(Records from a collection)

━━━━━━

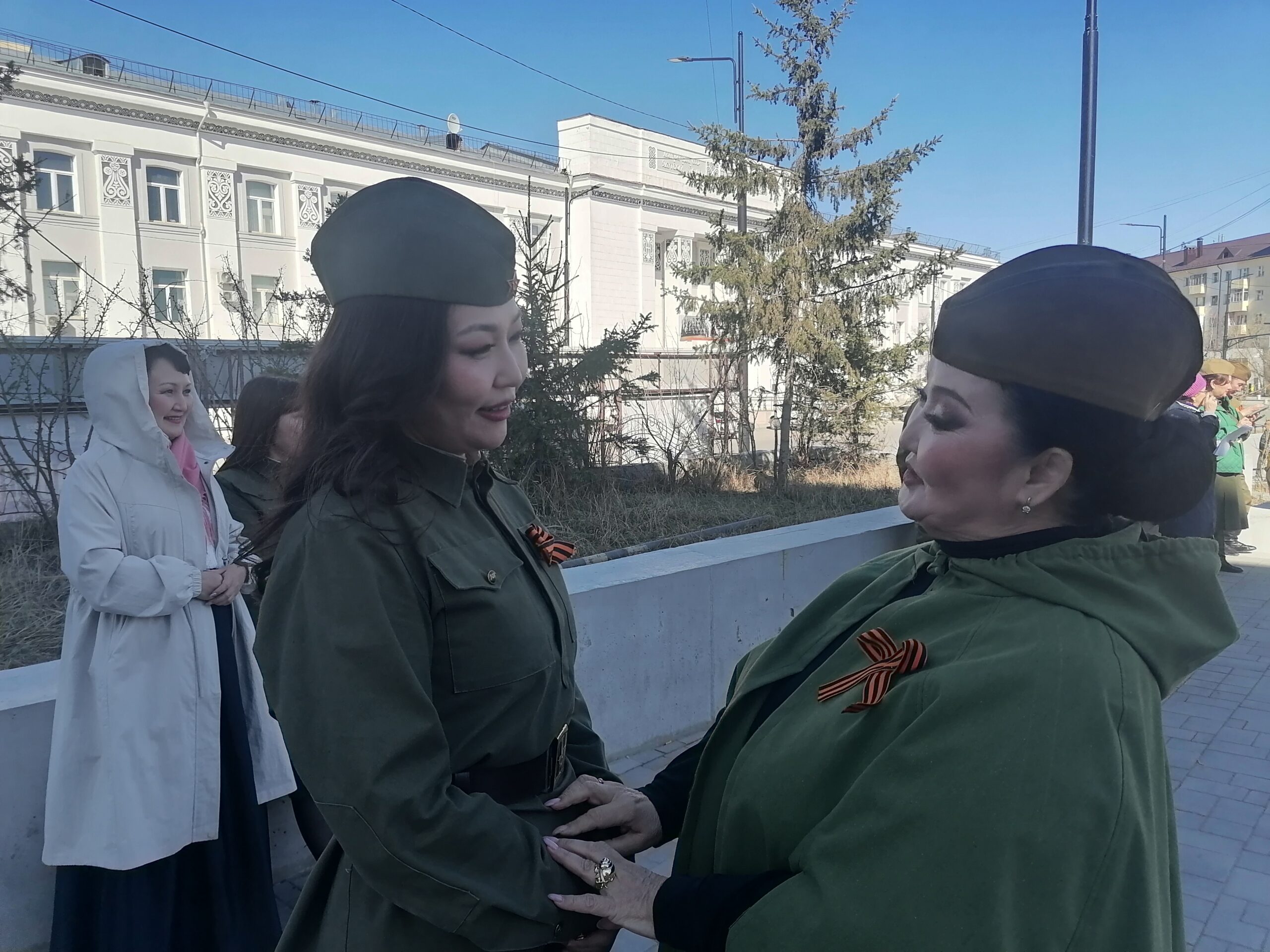Душевный Николай Попов вместе с потрясающим мужским хором театра на «Браво» спел любимую народом «Смуглянку-молдаванку», а Айталина Адамова, Альбина Борисова, Мария Михайлова, Саргылана Павлова, Юлия Караченцева и Анегина Дьяконова вместе с хором — старую добрую «Катюшу».
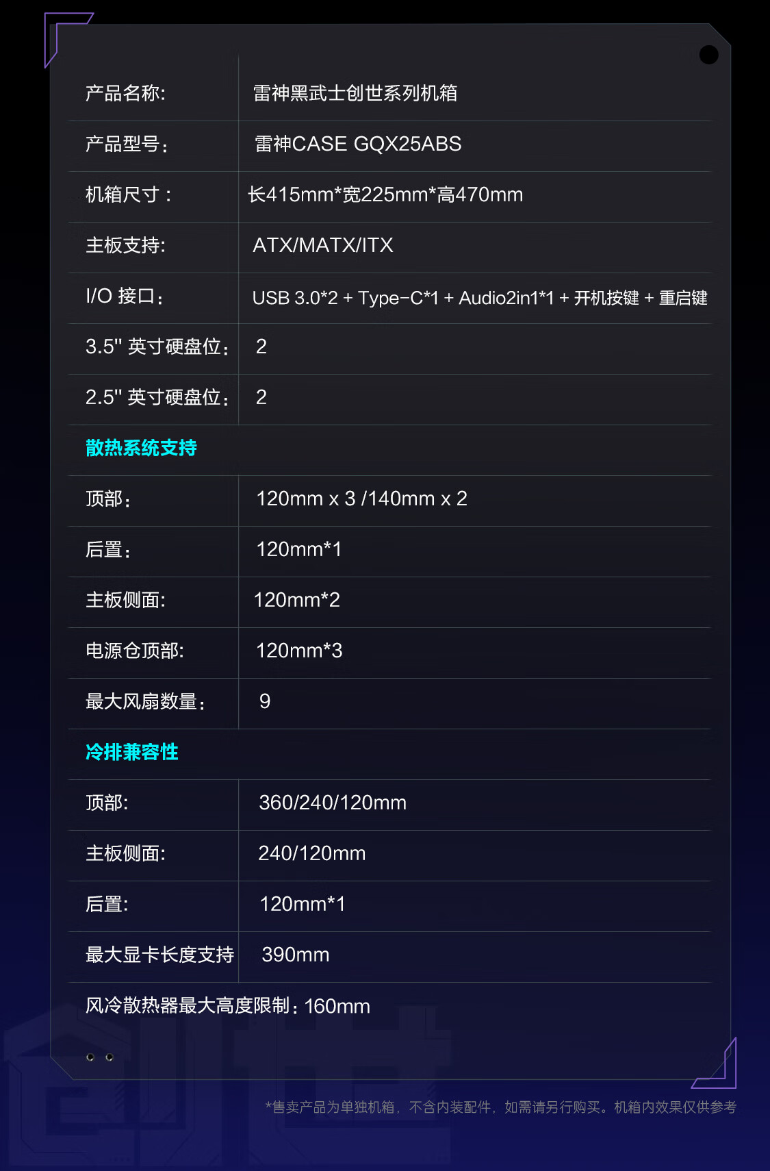 - 品牌:雷神创世 CASE GQX25ABS
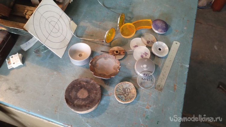Для шлифовки использовал обычный примитивный «рычажный» станок для шлифовки мелкой оптики. Обороты подобрал такие, чтобы абразивная суспензия не выливалась из шлифовальника-«чашки» центробежными силами. Это позволило установить малый «штрих» с неподвижным поводком, который имел вынос в строну от оси вращения инструмента миллиметров пять. И загружать абразив раз в пятнадцать-двадцать минут. Заготовка диаметром 46 мм. из стекла К-8 была предварительно ободрана до радиуса 78 мм с обеих сторон в форме мениска, так как впоследствии должна была стать менискообразной отрицательной линзой.
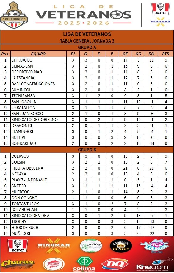 Después de tres Jornadas, el Grupo “A” lo domina Citrojugo, con 9 puntos; Climas CSM, Deportivo Mad, La Estancia, Rael Construcciones y Sumincol, con 6 unidades; Tecniramsa, 5; San Joaquín y 29 Batallón, 4; San Juan Bosco, 3; Sindicato de Gobierno, 2; Dragones y Flamingos, 1; SNTE 6 y Solidaridad, 0.
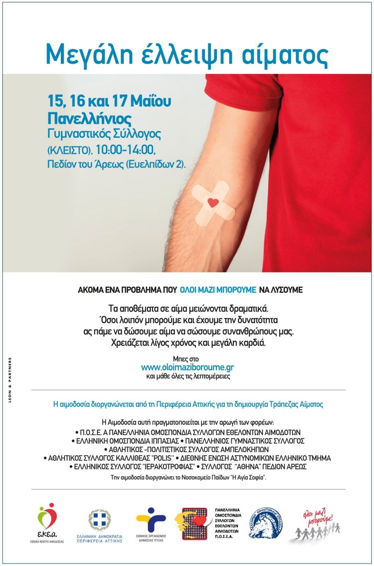 Η Περιφέρεια Αττικής διοργανώνει την 1η εθελοντική αιμοδοσία για τη δημιουργία Τράπεζας Αίματος, το τριήμερο 15, 16 και 17 Μαΐου 2020 και ώρες 10:00-14:00, στον Πανελλήνιο Γυμναστικό Σύλλογο που βρίσκεται στο Πεδίον του Άρεως (Ευελπίδων 2).
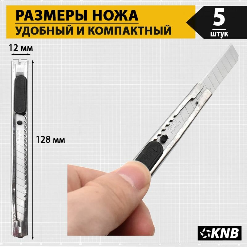 Набор 5 штук: Нож канцелярский KNB металлический с выдвижным 9 мм сегментированным лезвием, автофиксатор информация:

━━━━━━

[WORK TO COMPLETE]
Your answer should hold only the lines from the line with "Después de tres" through the closing line of the records, restated exactly and free of pictures.

[EXPECTED ANSWER]
 Después de tres Jornadas, el Grupo “A” lo domina Citrojugo, con 9 puntos; Climas CSM, Deportivo Mad, La Estancia, Rael Construcciones y Sumincol, con 6 unidades; Tecniramsa, 5; San Joaquín y 29 Batallón, 4; San Juan Bosco, 3; Sindicato de Gobierno, 2; Dragones y Flamingos, 1; SNTE 6 y Solidaridad, 0.
 Η Περιφέρεια Αττικής διοργανώνει την 1η εθελοντική αιμοδοσία για τη δημιουργία Τράπεζας Αίματος, το τριήμερο 15, 16 και 17 Μαΐου 2020 και ώρες 10:00-14:00, στον Πανελλήνιο Γυμναστικό Σύλλογο που βρίσκεται στο Πεδίον του Άρεως (Ευελπίδων 2).
 Набор 5 штук: Нож канцелярский KNB металлический с выдвижным 9 мм сегментированным лезвием, автофиксатор информация:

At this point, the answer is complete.